» WHAT YOU NEED TO DO
Every line from the one with "Paire de feux" to the one with "Elrendezése: nappali, hálószoba, félszoba, étkezős", including those two, is to be copied exactly; all other lines of the entries below are left out.

» DATASET ENTRIES

------------------------------

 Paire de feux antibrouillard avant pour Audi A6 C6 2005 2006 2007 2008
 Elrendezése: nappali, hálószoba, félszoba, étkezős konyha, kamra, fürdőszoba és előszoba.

------------------------------

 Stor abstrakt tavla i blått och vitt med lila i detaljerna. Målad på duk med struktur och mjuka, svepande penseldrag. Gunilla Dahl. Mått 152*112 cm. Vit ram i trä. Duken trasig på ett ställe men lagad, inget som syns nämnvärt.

------------------------------

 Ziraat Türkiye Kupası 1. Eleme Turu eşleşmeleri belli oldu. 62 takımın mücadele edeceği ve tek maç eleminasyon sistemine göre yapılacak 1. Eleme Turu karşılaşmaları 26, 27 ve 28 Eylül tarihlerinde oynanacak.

------------------------------

» REPLY
 Paire de feux antibrouillard avant pour Audi A6 C6 2005 2006 2007 2008
 Elrendezése: nappali, hálószoba, félszoba, étkezős konyha, kamra, fürdőszoba és előszoba.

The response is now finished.